Last week, we discussed what it means to be a “Christian” and the nature of the “church” in "How Should Christians Respond to America’s Identity Crisis? – Part I." The church is made up of Christians, and Christians are individuals who have accepted the Lord Jesus Christ as their personal Savior, believing that His sacrifice on the cross and His resurrection on Easter Sunday have enabled Him to win salvation for “whosoever will” accept Him as Lord and Savior.
Jesus promised His disciples that it was better if He went away, because then the “Comforter” would come and He would lead them to all truth (John 16:7-15). The church was conceived during the earthly ministry of Jesus and was born on the Day of Pentecost.
Not only are Christians a new kind of human being that never existed prior to Pentecost (Eph. 2:14-20). The church is described as a “colony” of Heaven (Phil. 3:20); and collectively, Christians are a special people, a “royal priesthood,” and a “holy nation” (I Pet. 2:9).
Jesus called upon the disciples to be the salt of the earth and the light of the world. He commissioned Christians to go out into the world and share the Gospel, baptize converts, and disciple them, “Teaching them to observe all things whatsoever I have commanded you” (Matt. 28:18-20).
The Christian Church is informed by the Apostle Paul, in his second letter to the Corinthian church, that our Heavenly Father has entrusted Christians with “the ministry of reconciliation; “… that God was in Christ, reconciling the world unto Himself, not imputing their trespasses unto them, and hath committed unto us the word of reconciliation” (II Cor. 5:18-20).
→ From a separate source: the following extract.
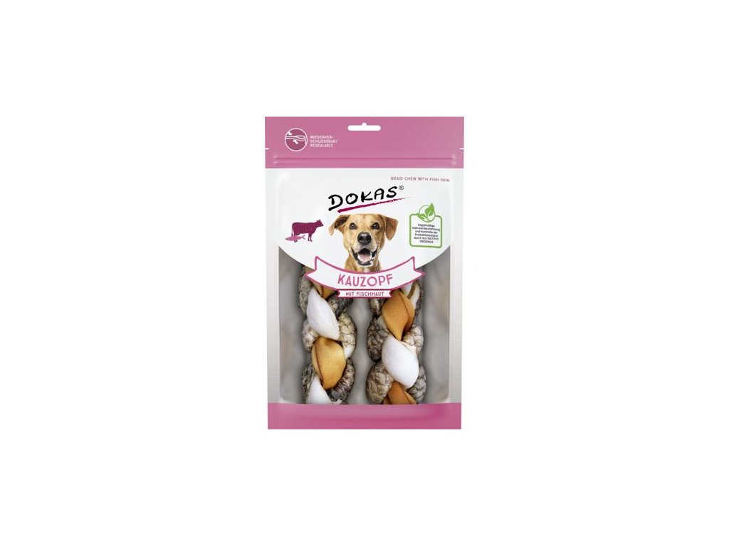 Neodolatelné copánky v kombinaci hovězí a rybí kůže zaujmou na první pohled. Skvělá netradiční pochoutka pro zabavení vašeho pejska. Žvýkání pomáhá udržovat zdravé zuby a dásně. Jsou velmi oblíbené pro své přírodní složení. Pamlsky Dokas jsou bez konzervantů, umělých barviv, dochucovadel a glycerinu. Sáček má praktické uzavírání, pamlsky tak zůstanou déle čerstvé a voňavé. Složení: hovězí kůže 75%, rybí kůže (tilápie) 25% Analýza: hrubé bílkoviny 95,0%, hrubé oleje a tuky 2,5%, hrubé popeloviny 1,9%, hrubá vláknina 0,5%, vlhkost 11% Podávejte jako odměnu. Zajistěte dostatek pitné vody. Po otevření pečlivě uzavřete zipem a skladujte v suchu a chladu. Balení obsahuje kyslíkový absorbér pro uchování kvality výrobku. Pamlsky jsou v dnešní době nedílnou součástí krmení mazlíčků, a tak i u nich je potřeba dbát nejen na chuť, ale i na zdravé složení. U pamlsků Dokas máte jistotu, že všechny použité suroviny splňují přísná kritéria a jsou během výroby pravidelně prověřovány. Psí a kočičí pamlsky Dokas podléhají pravidelným kontrolám kvality světově uznávaným německým institutem SGS Institut Fresenius. Tato nezávislá laboratoř patří mezi přední evropské společnosti testující kvalitu potravin. Jaké suroviny najdete ve složení pamlsků Dokas? Maso Maso je jednou z hlavních složek psí a kočičí potravy. Z toho důvodu tvoří největší podíl také v našich pamlscích. Je pečlivě vybíráno a šetrně zpracováno tak, aby výsledný produkt obsahoval vysoce kvalitní bílkoviny a tuky. Ryby Ryby jsou výbornou alternativou k masovým pamlskům. Obsahují vysoké procento nenasycených mastných kyselin. Omega 3 mastné kyseliny pomáhají udržovat zdravou kůži a lesklou srst. Ovoce a zelenina Vitamíny a stopové prvky v ovoci a zelenině jsou zdravé nejen pro lidi, ale také pro naše čtyřnohé přátele. Rádi kombinujeme maso a ryby s vybranými lehce stravitelnými druhy, jako je jablko, banán, mango, mrkev a batát. Hovězí a vepřová kůže Kosti vyrobené hovězí a vepřové kůže pomáhají pečovat o zuby vašeho psa a také jej umí perfektně zabavit. Kombinujeme je s masem či rybí kůží, což zvyšuje jejich oblíbenost. Díky těmto žvýkacím pamlskům nebude mít váš pes potřebu kousat vaše boty či zařízení bytu. Sůl Psi potřebují sůl zejména pro tvorbu kyseliny chlorovodíkové v jejich žaludku a k udržení správné funkce nervové soustavy. Její nadbytek však není žádoucí, proto přidáváme do našich pamlsků pouze malé množství, méně jak 0,3%. Kvasnice Kvasnice obsahují vysoký obsah proteinu, vitamínů a minerálů. Pomáhají udržovat zdravou kůži a srst. Rostlinné produkty Získáváme je při zpracování rostlinných surovin, například zeleniny a luštěnin. Nepoužíváme žádné odpady z rostlinné výroby a plnidla. Minerální látky Minerální látky jsou nezbytnou součástí výživy psa, jehož organismus si je nedokáže sám vyrobit. Používáme pouze malé množství soli (méně než 0,3%).Doplňkové parametry

Taken as a whole, these biblical passages make it clear that withdrawing from the world into closed meetings of the saints and going into a holding pattern until Jesus comes back is not a viable option for Christians and churches who desire to be obedient to their Heavenly Father’s will.
Salt has to come into contact with that which it is going to preserve from decay and putrefaction. Jesus entrusted the disciples to let their light shine before men so they could be illuminated by the light and feel the heat as well.
If Christians are going to be a preserving salt and a lifegiving light, they have to be in the world but not of the world, and they must “walk the talk.” The watching world needs to see Christians living out their faith as twice-born men and women who have been born again from above and people within whom God’s Holy Spirit dwells (I Cor. 6:19-20).
The Christian witness in America is consistently and significantly diminished by Christians and churches who do not “walk the talk” and whose “do as I say, not as I do” hypocrisy brings shame and reproach to the Gospel. There is an old African proverb that says, “Tell me and I will listen. Show me and I will believe.” The more Christians’ lives demonstrate the fruits of the Spirit: love (agape), joy, peace, forbearance, kindness, goodness, faithfulness, gentleness, self-control (Gal. 2:22-23), the more the lost world will pay attention to our witness for Jesus.
Of course, no Christian and no church is going to be perfect. The old nature is still present and ready to pounce at any moment of opportunity. In fact, the local church is one of the very few places in American society where you have to confess your moral failures as a condition of admittance. It is Jesus’ Church and no one will ever find anything wrong with Him. He is the one we worship.
Still, Christians living in God’s will are going to impress the world by how they love each other (Jn. 13:35). Far too often, our Christian church fellowships are characterized by the opposite of love and joy. If we are honest, when we look at the moral record of evangelicalism in the last half of the 20th and the first fifth of the 21st centuries, it is not one to bring joy to our hearts or our Heavenly Father’s.
One reason evangelical Christians have lost the debate on same-sex marriage is that we said marriage was a divinely sanctioned, holy institution and yet we produced divorce rates far too similar to the world’s practices to be taken seriously.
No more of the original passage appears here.